Lets see what do we have:

from pprint import pprint
tree = ConfigurableModelTree(root=meeting, structure=structure)
pprint(tree._tree)

# {
#     <TreeNode for Meeting: Meeting object (1)>: {
#         <ManyToOneRel: meetings.participation>: {
#             <TreeNode for Participation: Participation object (1)>: {   
#                 <ManyToOneRel: meetings.invitation>: {
#                     <TreeNode for Invitation: Invitation object (1)>: {}
#                 }
#             },
#             <TreeNode for Participation: Participation object (2)>: {
#                 <ManyToOneRel: meetings.invitation>: {}
#             }
#         }
#     }
# }

Good, seems like we have correct structure. So how we gonna use it? Here, where’s patterns come to our help

Step 4. Get familiar with Iterator and Visitor patterns

Fortunately, programmers around the world have been working with data for many years and have many good solutions to solve almost any question.
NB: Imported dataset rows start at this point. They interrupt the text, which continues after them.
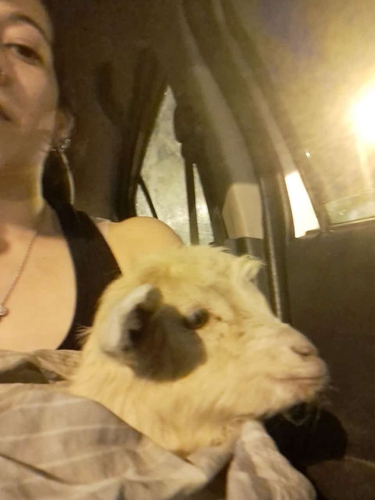 Cerviño contó que cuando llegó a buscarla el animal estaba afuera, pagó lo acordado y se la llevó. Pero como en su casa no tenía lugar la dejó en lo de su hermana con el compromiso de que le daría tránsito hasta que ella acondicionara su espacio para poder sumar a su familia una chiva.
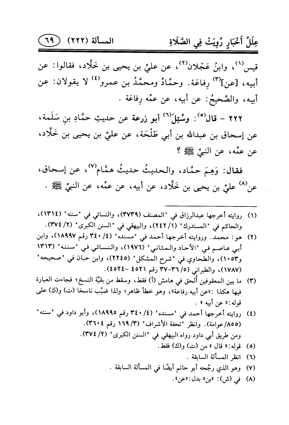 فَقَالَ: وَهِمَ حمَّاد، والحديثُ حديثُ همَّام (٧) ، عَنْ إِسْحَاقَ، عَنْ (٨) عليِّ بن يحيى ابن خَلَاّد، عَنْ أَبِيهِ، عَن عمِّه، عن النبيِّ (ص) .
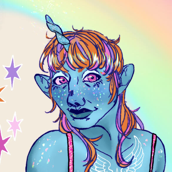 Enfys has seen the world, and then once over again. they're a seasoned adventurer that's worn every face, seen every rise and fall, and feels as though they've met every person. But not even the gods could keep them from trying to prove that wrong. after retiring from adventuring they became a performer in faerun, well known for their unique appearance. returning to the feywild is always an option, but that's no fun, is it? the people and constraints of the material plane make everything more fun. the stakes are higher, and the people more unpredictable, at least to a fey.
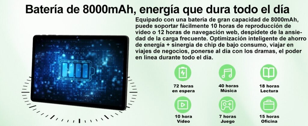 Bater¨ªa de 9000mAh dura todo el d¨ªa sin necesidad de recargar.
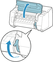 Öffnen Sie die obere Abdeckung und heben Sie den Freigabehebel an.
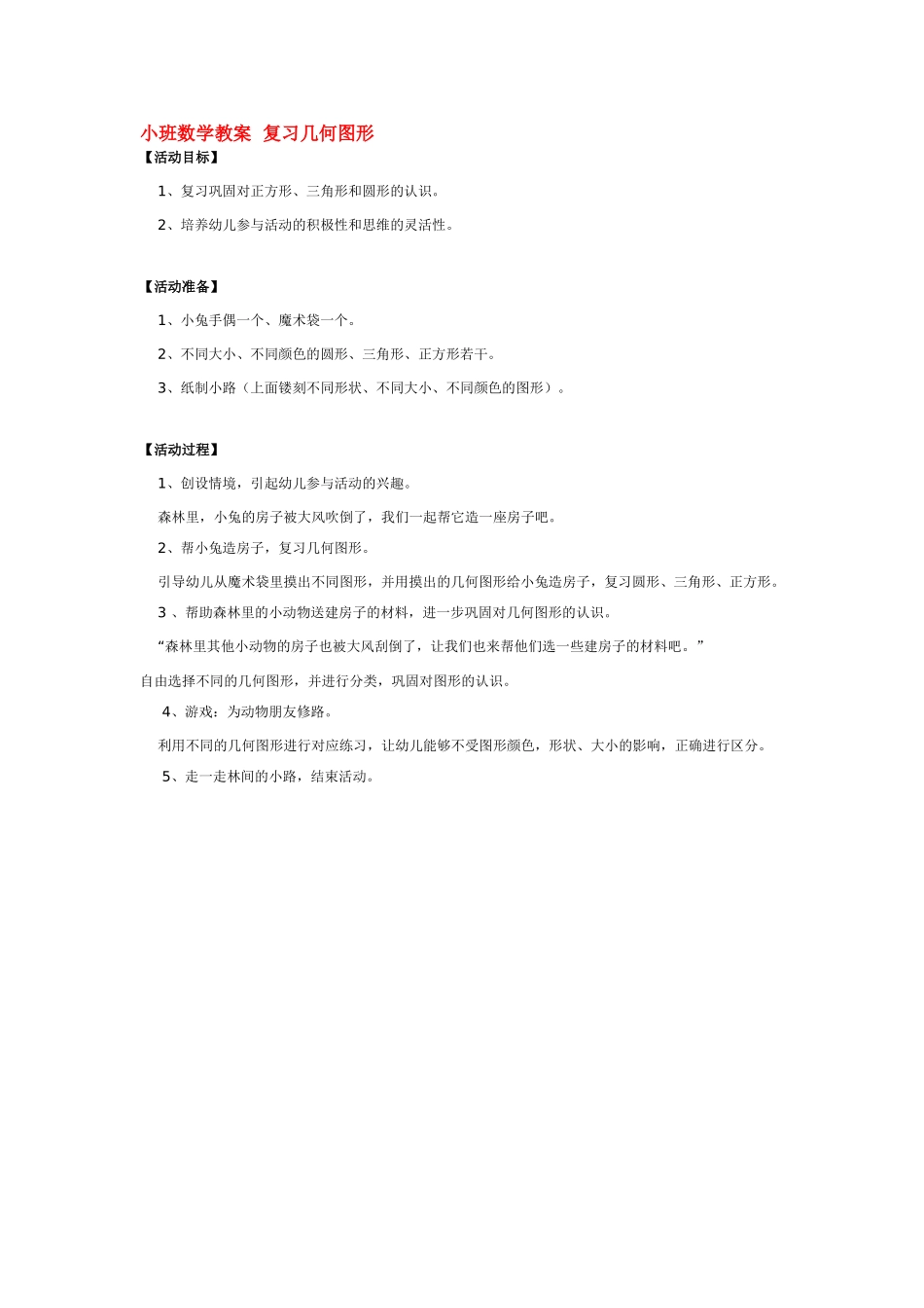 小班数学教案复习几何图形【活动目标】1、复习巩固对正方形、三角形和圆形的认识。2、培养幼儿参与活动的积极性和思维的灵活性。【活动准备】1、小兔手偶一个、魔术袋一个。2、不同大小、不同颜色的圆形、三角形...
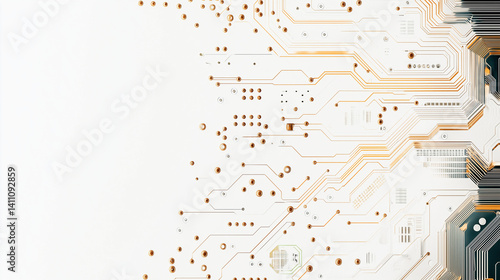Circuit Board: A close-up shot showcasing a modern circuit board's intricate pathways and components. Highlighting technological innovation and advanced engineering
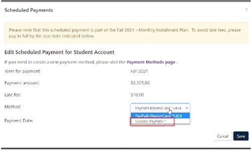 Follow the steps below if the student has an ACH scheduled payment via PayPath and wants to update to a different checking account.
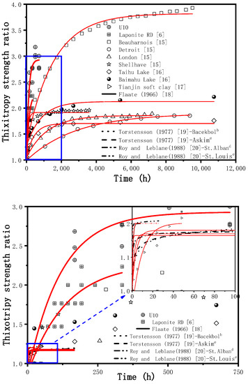 - Huo, H.F.; Qi, L.; Lei, H.Y.; Yu, G. Analysis and experimental study on thixotropy of Tianjin soft clay. Chin. J. Rock Mech. Eng. 2016, 35, 631–637. [Google Scholar]
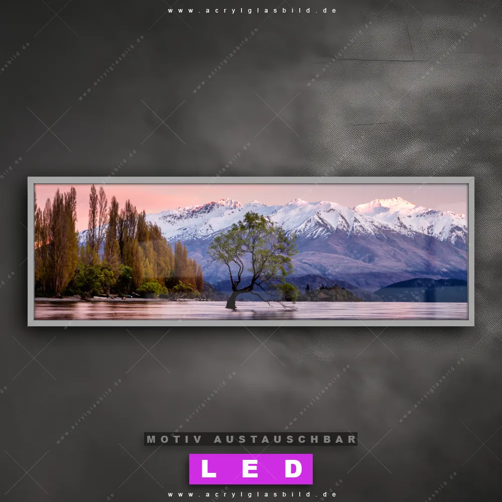 Deine Wände könnten dringend ein dimmbares LED Bild mit Fernbedienung und optionaler Farbtemperatursteuerung gebrauchen? Dann haben wir das perfekte Wandbild mit LED Beleuchtung für dich: unser mega-cooles Landschaften Canvalight® DIA LED Acrylglasbild! Mit unserem angesagten Leuchtbild aus Acrylglas im Panorama-Format und der austauschbaren bedruckten Acrylglas-Scheibe Neuseeland am Morgen bringst du nicht nur Licht, sondern auch jede Menge Flair in deine Räume.

Our question is -

How to create reusable solution to iterate over our tree structure?

Answer is - Iterator pattern

Iterator is a behavioral design pattern that lets you traverse elements of a collection without exposing its underlying representation (list, stack, tree, etc.).

Our other question:

How to create a reusable solution to operate with tree nodes?

And the answer for that - Visitor pattern

Visitor is a behavioral design pattern that lets you separate algorithms from the objects on which they operate.

And what event better - these patterns work great together.

Step 5. Implement simple Iterator and Visitor

Python have built-in iterator protocol, so we can simply just use that. Simple implementation of __iter__ method, that returns generator will be enough.

import typing


from abc import ABC, abstractmethod


# I will use abstract class to define interface 
class AbstractRelationTreeIterator(ABC):
    @abstractmethod
    def get_iterator(self, tree: typing.Optional[RelationTree] = None):
        pass

    def __iter__(self):
        return self.get_iterator()


class RelationTreeIterator(AbstractRelationTreeIterator):
    def __init__(self, tree: ConfigurableRelationTree):
        self.tree = tree

    def get_iterator(self, tree: typing.Optional[RelationTree] = None):
        tree = tree if tree is not None else self.tree.tree
        for node, subtree in tree.items():
            yield node
            for relation, subnodes in subtree.items():
                # since we iterate over tree, we need recursion here as well
                yield from self.get_iterator(subnodes)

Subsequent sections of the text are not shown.